- Opening Delimiter -

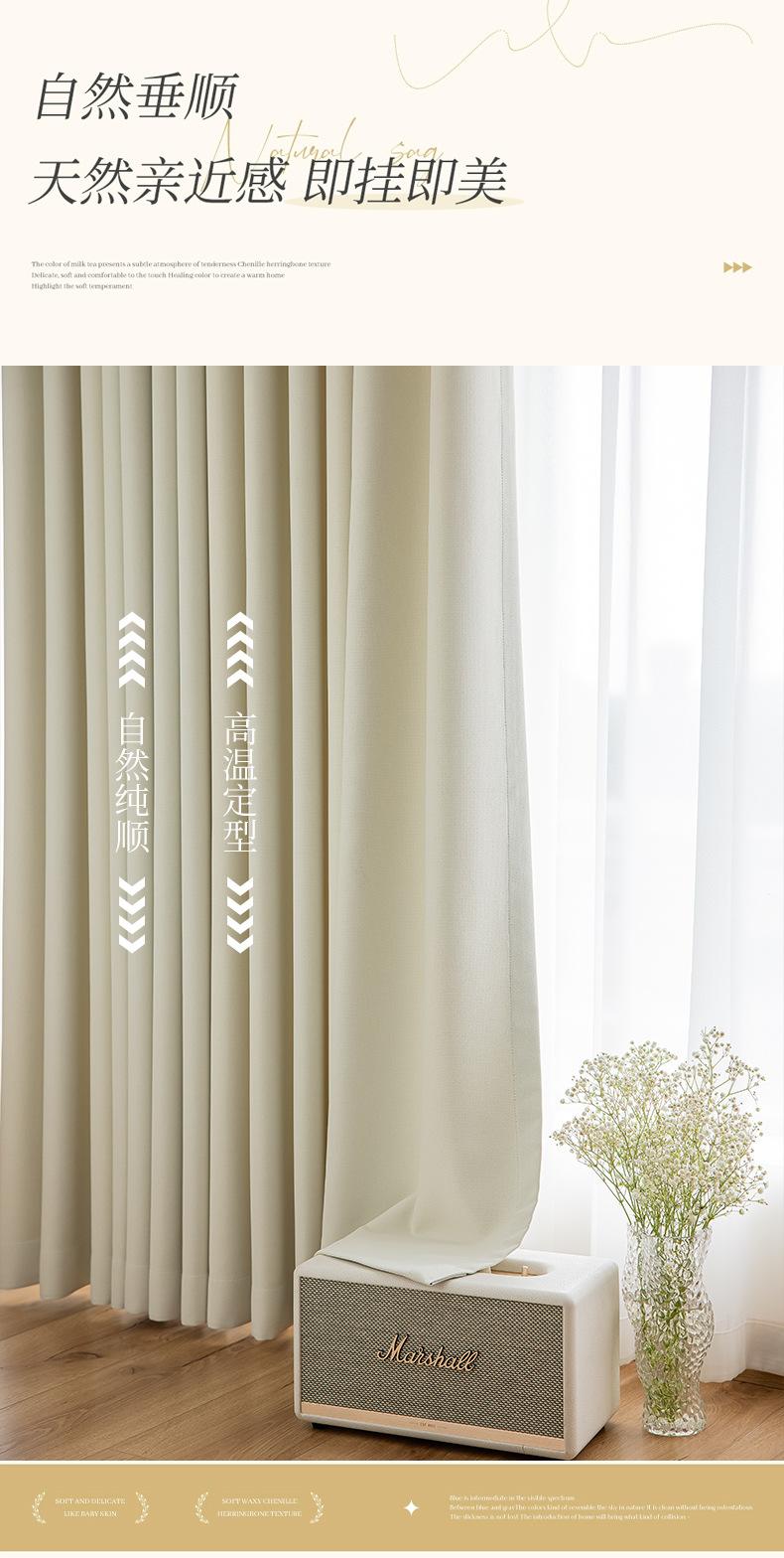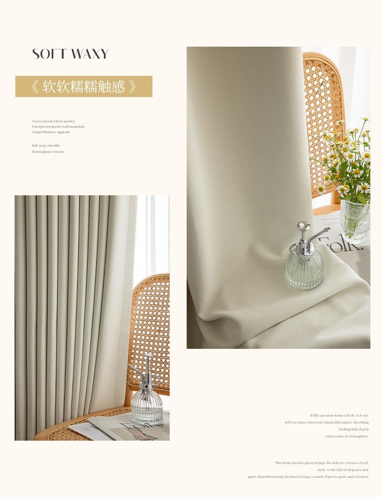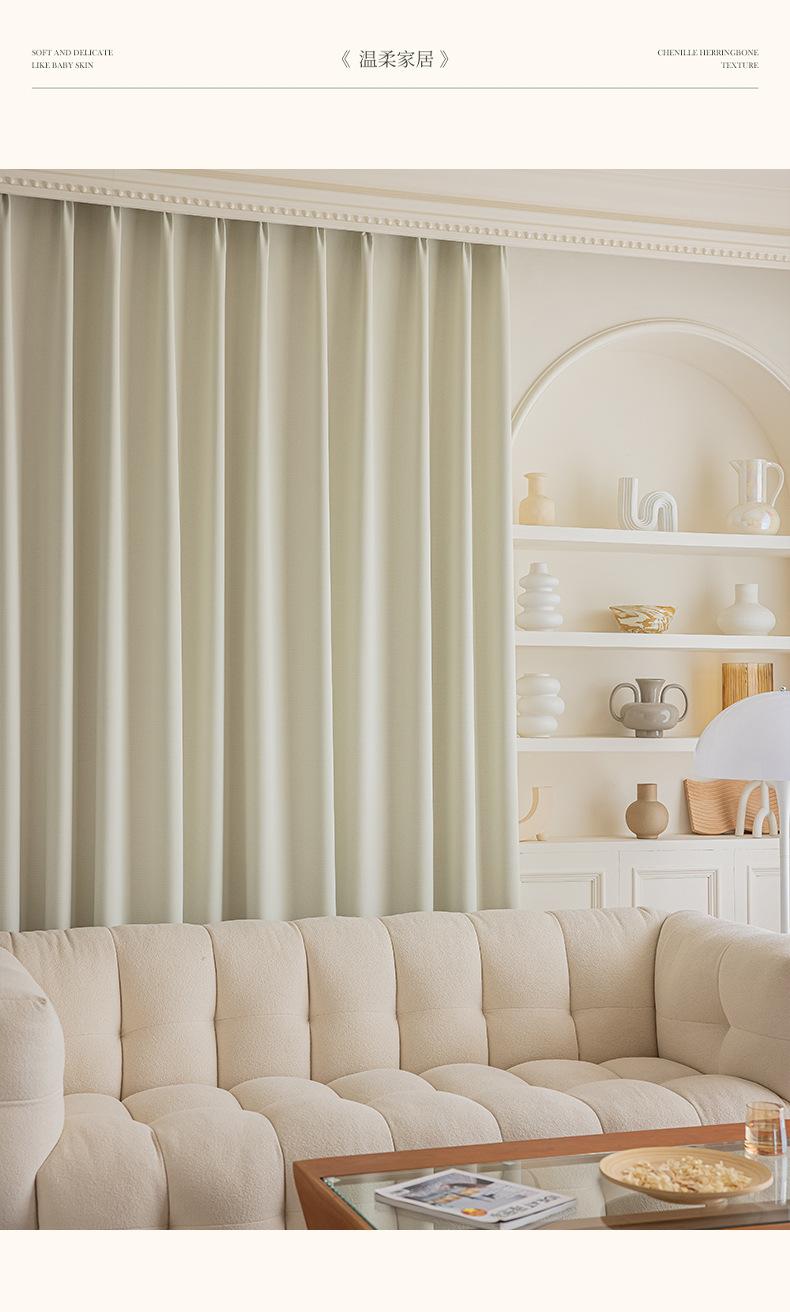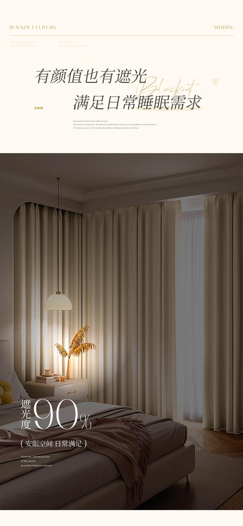 Color crema sombreado total Cortina Shaoxing algodón y lino jacquard tejido de cortina de lujo ligero cortina para dormitorio sala de estar protector solar producto terminado
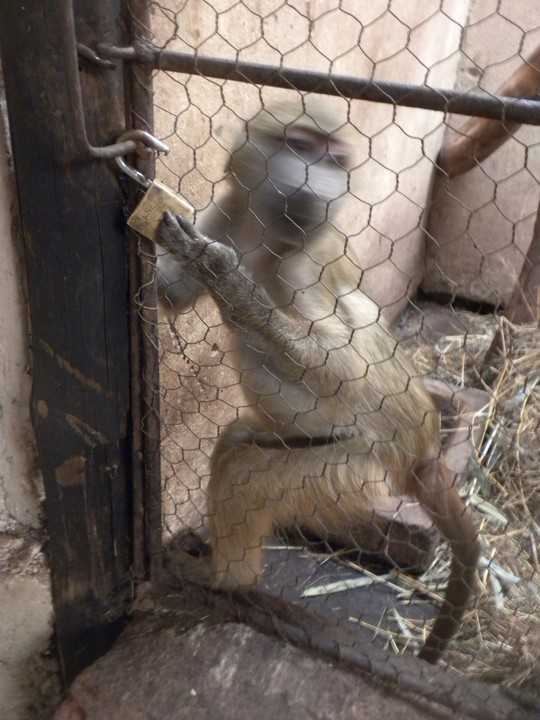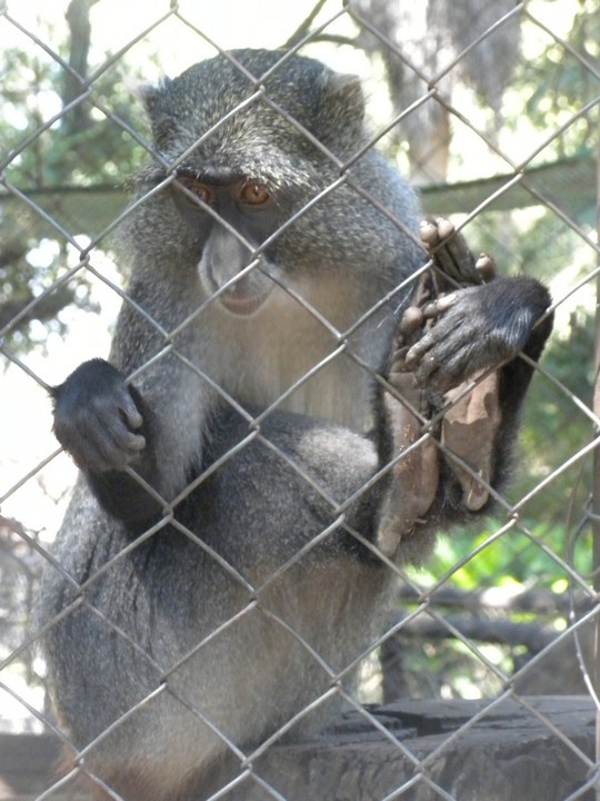 We putzed around town all morning and didn't get on the road until after noon. A few kilometers down the road, we came to an animal orphanage, and since we were at risk of arriving in the daylight if we pressed on, we figured we had better stop for a bit. The orphanage had seen better days and many of the cages were overgrown and several of the fences had doors hanging off the hinges; it was rather reminiscent of Jurassic Park after things had gone downhill. There were still a few leopards and some monkeys that closely resembled Dobby the House Elf. We met a kid from Harare who was applying to the computer science departments at MIT and several other Ivy League schools; apparently there is stiff competition for such spots, with an average of two-hundred Zimbabweans applying for a single space. He tried not to be too patronizing when I told him I had graduated from the UF CS department.
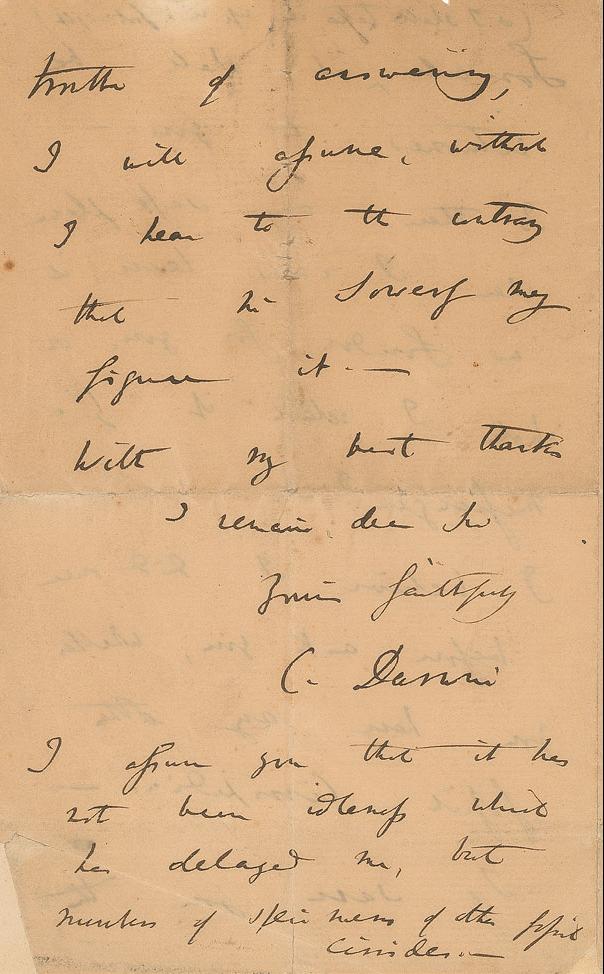 Charles Darwin letter requesting a sketch of a barnacle fossil.
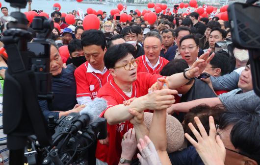 한동훈 전 국민의힘 대표가 20일 오후 부산 수영구 광안리해수욕장을 찾아 취재진 질문에 답하고 있다. 한 전 대표는 공식선거운동 이후 이날 첫 현장유세에 나섰다. <연합뉴스> |
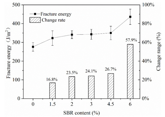 In this study, the different contents of SBR latex were used to improve the low temperature crack resistance of the mixture. SBR latex was added by 0 wt%, 1.5 wt%, 2 wt%, 3 wt%, 4.5 wt% and 6 wt% of the emulsified asphalt. It can be seen from Figure 6 that as the content of SBR latex increased, the fracture energy of CRME gradually increased. However, when the content of SBR latex added was between 1.5% and 4.5%, the fracture energy of the mixture increased by 16.8% to 26.7%, and the change range was limited. When the content of SBR added reached 6%, the increase in fracture energy was larger, reaching 57.9%. In practical engineering applications, considering the high price of SBR latex, the high content of SBR would greatly increase the material cost of a cold recycled mixture. Therefore, it was recommended that the content of SBR latex was 2–3%.
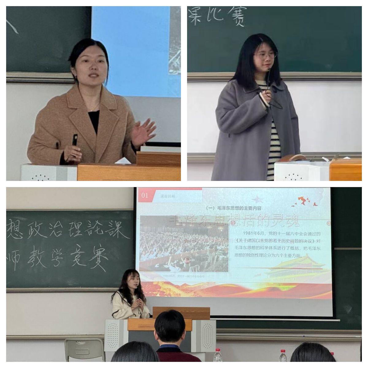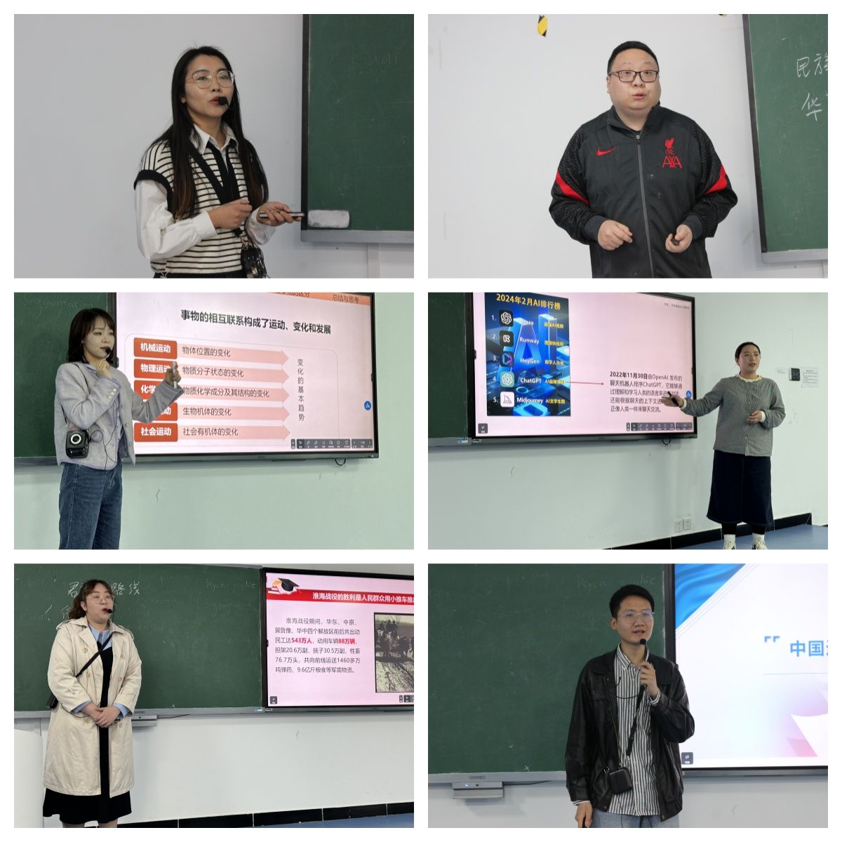一支粉笔书写激扬青春,三尺讲台尽显教师风采。参赛教师各显身手:杨丽娟老师结合史料讲解了“游击战的发展”,深入分析中国共产党的敌后游击战在抗日战争时期发挥的重要作用;黄必琼老师通过游戏互动讲解了“正确认识人的本质”;潘家玲老师从“两个结合”的角度阐释了实事求是是毛泽东思想活的灵魂;简云丹老师结合中国近代先进人士林则徐、魏源、康有为等的人生经历,给大家展现了中国近代民族意识觉醒的过程;贺铭钰老师运用数字化手段将实地调研搬进课堂,理论与实际充分结合,生动呈现了三线建设这一重大战略部署的过程、成就以及伟大精神等。

- Closing Delimiter -

Problem statement – Pictures are to be left out; the answer must otherwise be exactly the lines from the one with "In this study, the" through the final line of the entries above, both included.

Solution for this task –
 In this study, the different contents of SBR latex were used to improve the low temperature crack resistance of the mixture. SBR latex was added by 0 wt%, 1.5 wt%, 2 wt%, 3 wt%, 4.5 wt% and 6 wt% of the emulsified asphalt. It can be seen from Figure 6 that as the content of SBR latex increased, the fracture energy of CRME gradually increased. However, when the content of SBR latex added was between 1.5% and 4.5%, the fracture energy of the mixture increased by 16.8% to 26.7%, and the change range was limited. When the content of SBR added reached 6%, the increase in fracture energy was larger, reaching 57.9%. In practical engineering applications, considering the high price of SBR latex, the high content of SBR would greatly increase the material cost of a cold recycled mixture. Therefore, it was recommended that the content of SBR latex was 2–3%.
一支粉笔书写激扬青春,三尺讲台尽显教师风采。参赛教师各显身手:杨丽娟老师结合史料讲解了“游击战的发展”,深入分析中国共产党的敌后游击战在抗日战争时期发挥的重要作用;黄必琼老师通过游戏互动讲解了“正确认识人的本质”;潘家玲老师从“两个结合”的角度阐释了实事求是是毛泽东思想活的灵魂;简云丹老师结合中国近代先进人士林则徐、魏源、康有为等的人生经历,给大家展现了中国近代民族意识觉醒的过程;贺铭钰老师运用数字化手段将实地调研搬进课堂,理论与实际充分结合,生动呈现了三线建设这一重大战略部署的过程、成就以及伟大精神等。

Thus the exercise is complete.